U.S. AIR FORCE ACADEMY, Colo. — The Air Force celebrates its 70th birthday this year and the Air Force Academy has made many contributions to our service’s legacy and history of breaking barriers, and advancing technology and innovation. Here are some very notable achievements that have occurred in March’s of the past. 

March 1, 1962 — The Thomas D. White Award is established by the Academy. The award, presented annually to a U.S. citizen who contributes significantly to national defense, is named in honor of former Air Force Chief of Staff Gen. Thomas Dresser White.

March 1, 1996 — Col. Randy Spetman, a 1976 Academy graduate, is the first Academy graduate to serve as director of athletics.

March 1, 2004 — Air Force men’s basketball defeats San Diego State 61-49 in Clune Arena to win its first Mountain West Conference title — its first conference championship in any league.

March 1, 2012 — The Academy’s National Resources Office wins the 2011 National Military Conservation Partner Award, given by the U.S. Fish and Wildlife Service. The award, created in 2004, acknowledges a military installation for its outstanding accomplishments in promoting conservation on military lands.

March 2, 1964 — The Academy begins closed circuit TV classes in mathematics for Academy servicemen and their dependents.

March 2, 1965 — First Lt. Hayden Lockhart, a 1961 Academy graduate, is piloting an F-100 when he’s shot-down and captured, becoming the first Academy graduate to become a prisoner of war.

March 2, 1967 — The Academy Office of Information issues a press release stating the Cadet Honor Committee has completed hearings into honor violations reported Feb. 24, 1967. The release  said 46 cadets had been resigned and left the Academy. After being criticized for secrecy after a 1965 honor incident, the Academy was praised for its candor regarding this incident.

March 2, 1979 — Ken Hatfield is the fourth head football coach in Air Force history. He hires Fisher DeBerry as his quarterback coach and later offensive coordinator, and the pair institute the “option offense,” giving the team great success.

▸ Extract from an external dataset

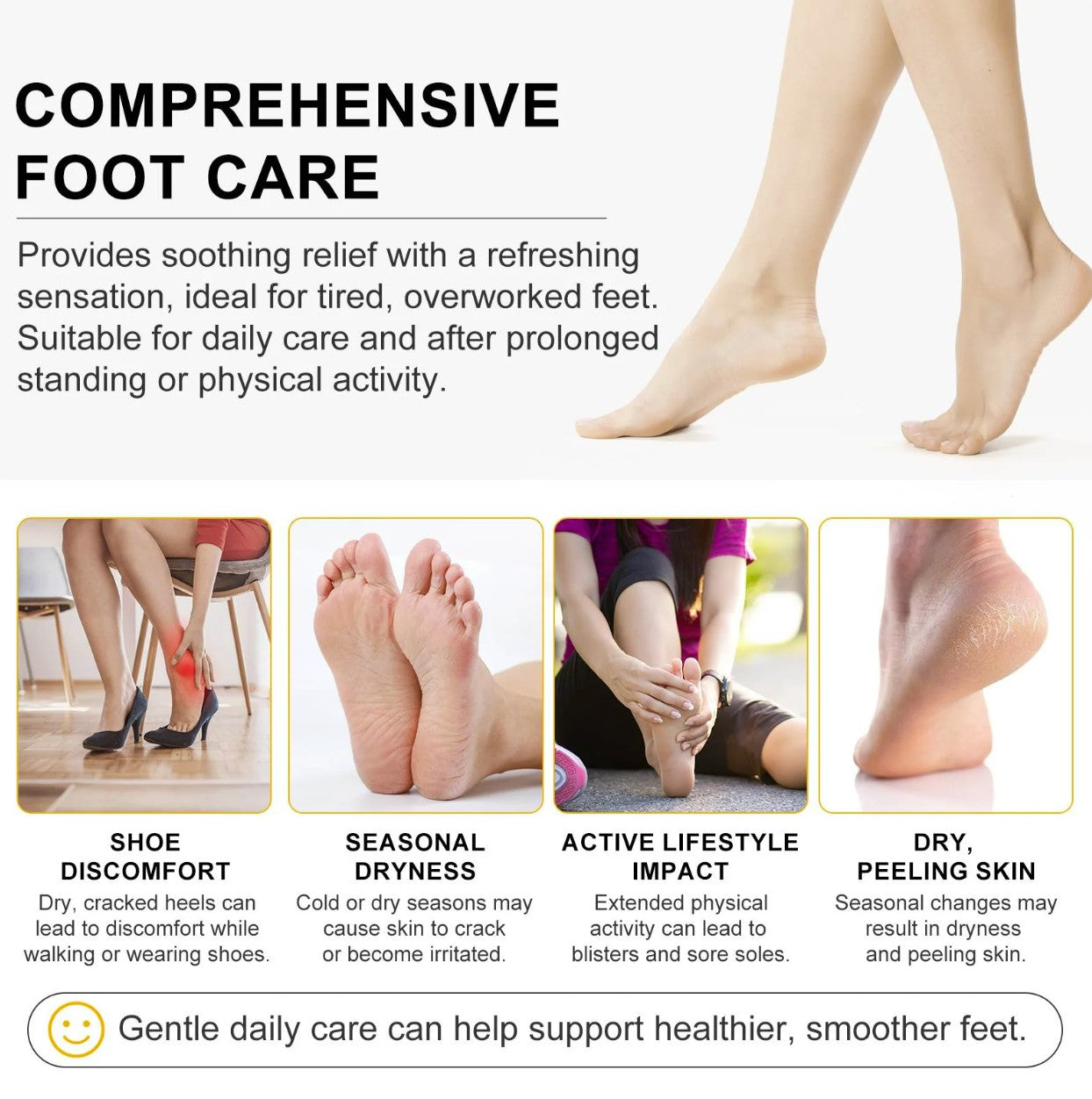 3. Concentrate on dry areas, such as heels and the balls of your feet. For best results, apply daily, especially after work or physical activity.

March 3, 1964 — President Lyndon Johnson signs Public Law 88-276, authorizing the Air Force Academy and the U.S. Military Academy to expand to the Naval Academy’s strength. The Air Force Cadet Wing would increase from 2,529 to 4,417.

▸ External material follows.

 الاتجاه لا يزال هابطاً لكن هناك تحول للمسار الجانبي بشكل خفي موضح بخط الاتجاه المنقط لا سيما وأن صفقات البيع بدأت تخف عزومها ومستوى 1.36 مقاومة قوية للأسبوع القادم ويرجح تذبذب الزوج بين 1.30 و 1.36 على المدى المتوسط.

March 3, 2012 — Dave Pilipovich is named permanent head coach of the men’s basketball team.

March 4, 1949 — Secretary of Defense James Forrestal establishes the Service Academy Board to study U.S. service academies and make recommendations.

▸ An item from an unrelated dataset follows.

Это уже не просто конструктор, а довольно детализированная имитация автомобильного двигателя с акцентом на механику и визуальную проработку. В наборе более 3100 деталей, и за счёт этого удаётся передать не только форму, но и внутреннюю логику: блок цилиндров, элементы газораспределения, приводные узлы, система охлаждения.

March 4, 1976 — Capt. Lance P. Sijan, a 1965 Academy graduate, is the first and so far only graduate to be awarded the Medal of Honor. President Gerald Ford presented the award to Sijan’s parents at a White House ceremony.

March 4, 2004 — Second Lt. Christopher Ayoub, a 2003 Academy graduate, receives the 2003 Cadet of the Year award at a Pentagon ceremony. The Air Force award recognizes the most outstanding cadet in an Air Force commissioning program. Ayoub is the first Academy graduate to win the award, established in 2000.

March 7, 1960 — The men’s basketball team makes the Academy’s first appearance in the NCAA basketball tournament, losing 69-63 to DePaul. Only 25 teams make the tournament during that time.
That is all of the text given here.